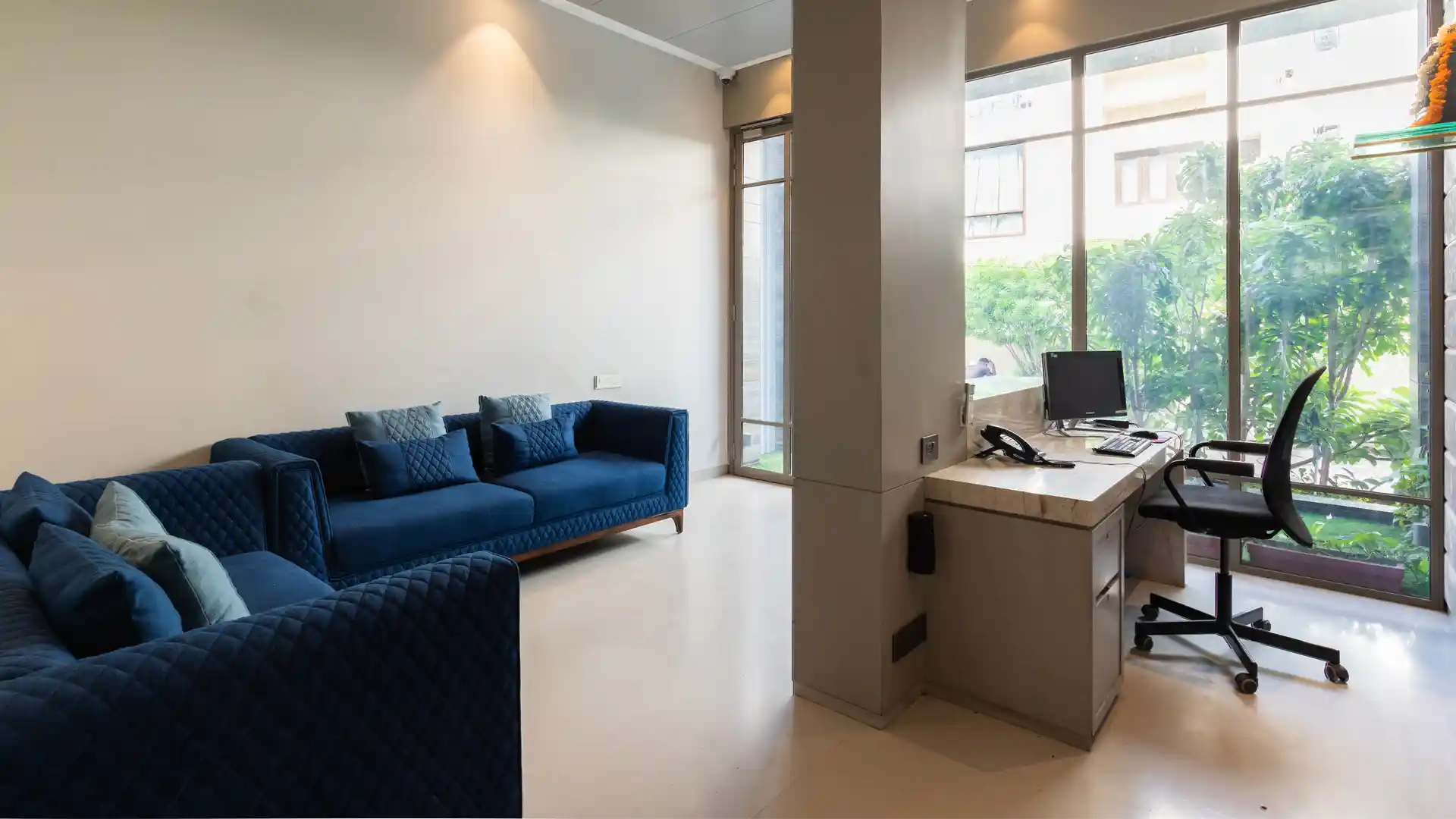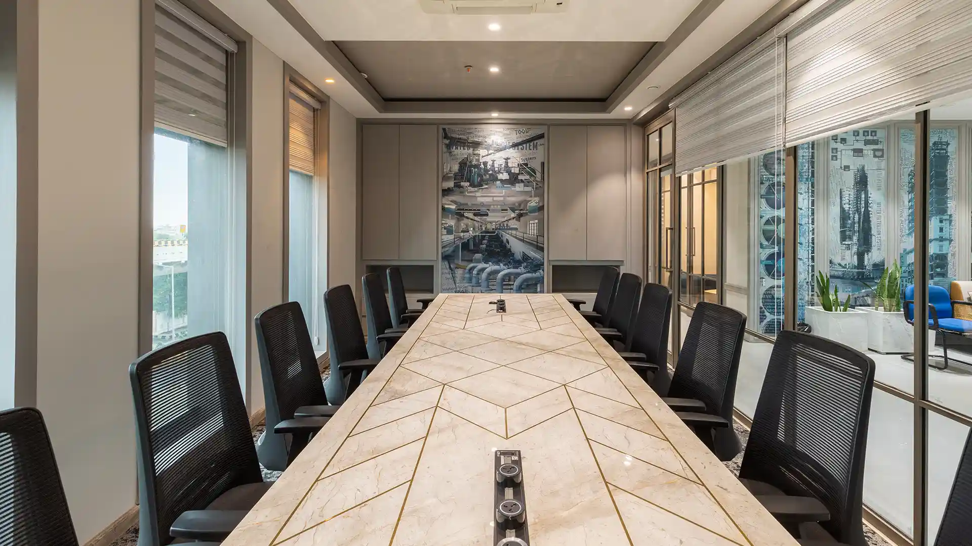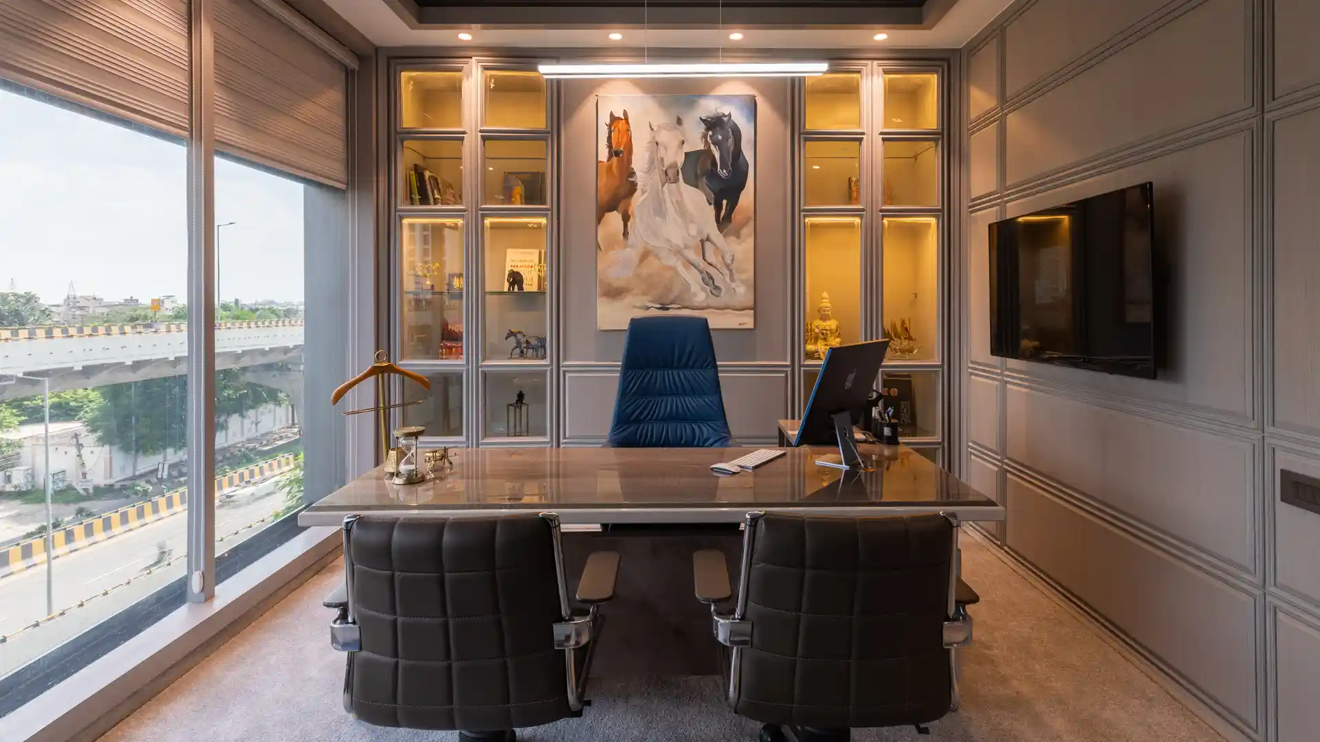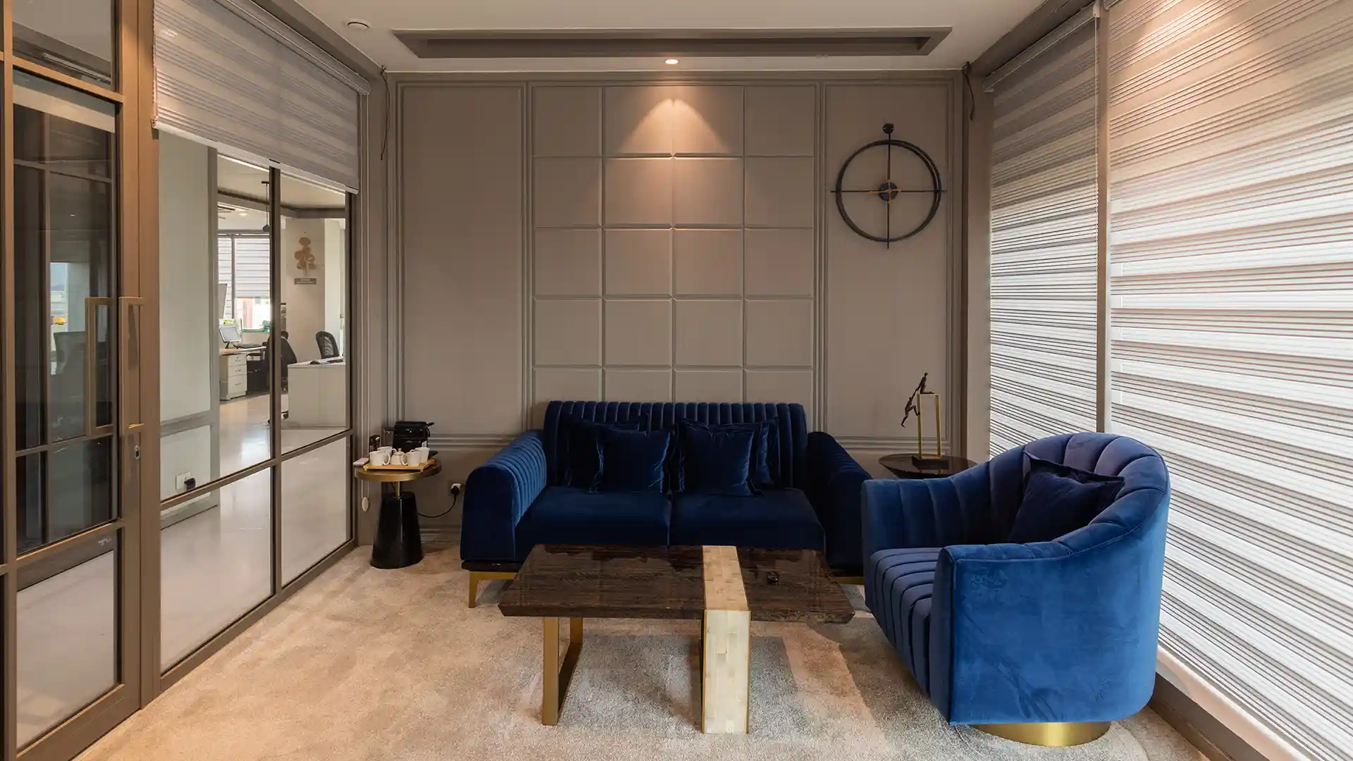 The second floor is dedicated to individual cabins and meeting rooms, fostering unique aesthetics. The cabin is designed to offer ample natural light with glass windows and simple artificial lighting. The third floor includes the director’s cabin and private meeting rooms. All these spaces follow a colour palette that combines grey and blue tones. The workplace focuses on tasks relating to water, thus it makes sense that these colours represent water. Further, the fourth and fifth floors are designated for private bedroom spaces along with a penthouse for party areas. These cater to the various needs of the occupants.
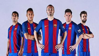 La nueva piel del Barcelona tiene un tinte nostálgico. Sin publicidad en el pecho e inspirada en la equipación que lució el conjunto azulgrana en la temporada 1991-1992, cuando ganó su primera Copa de Europa, el Barça presentó en sociedad su nueva camiseta, que utilizará en la temporada 2016-2017. Nike diseñó una zamarra en la que recuperan las franjas verticales (el curso pasado fueron horizontales) y en la que se alternan los tradicionales colores azul y rojo con unos matices más claros de las mismas tonalidades.
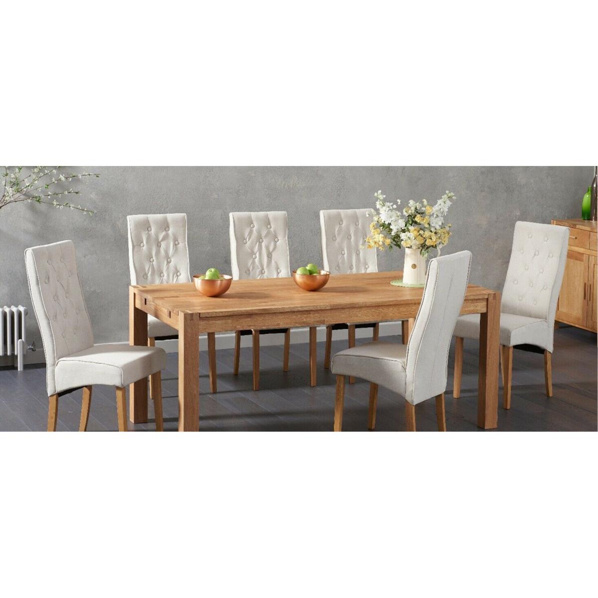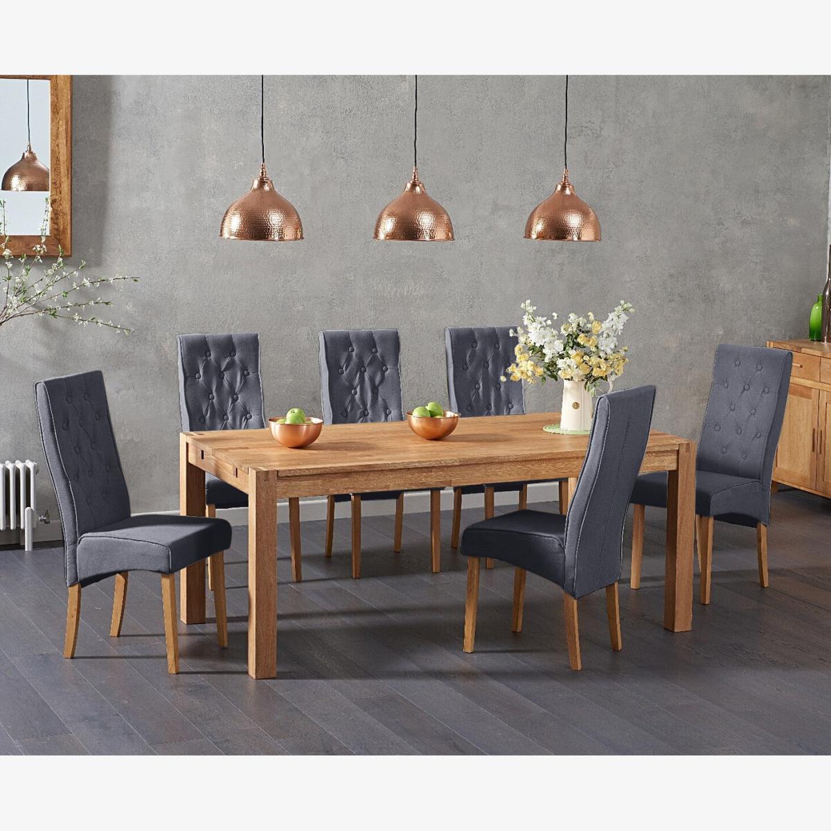Thetford 180cm Solid Oak Dining Table with Maya Fabric Chairs features beautiful solid oak strengthened with finger joints for robust and versatile family tables.

» **WHAT YOU SHOULD DO**
No pictures belong in the copy; quote exactly the lines from the line containing "La nueva piel" through the final line of the material, both ends included.

» **TASK OUTPUT**
 La nueva piel del Barcelona tiene un tinte nostálgico. Sin publicidad en el pecho e inspirada en la equipación que lució el conjunto azulgrana en la temporada 1991-1992, cuando ganó su primera Copa de Europa, el Barça presentó en sociedad su nueva camiseta, que utilizará en la temporada 2016-2017. Nike diseñó una zamarra en la que recuperan las franjas verticales (el curso pasado fueron horizontales) y en la que se alternan los tradicionales colores azul y rojo con unos matices más claros de las mismas tonalidades.
Thetford 180cm Solid Oak Dining Table with Maya Fabric Chairs features beautiful solid oak strengthened with finger joints for robust and versatile family tables.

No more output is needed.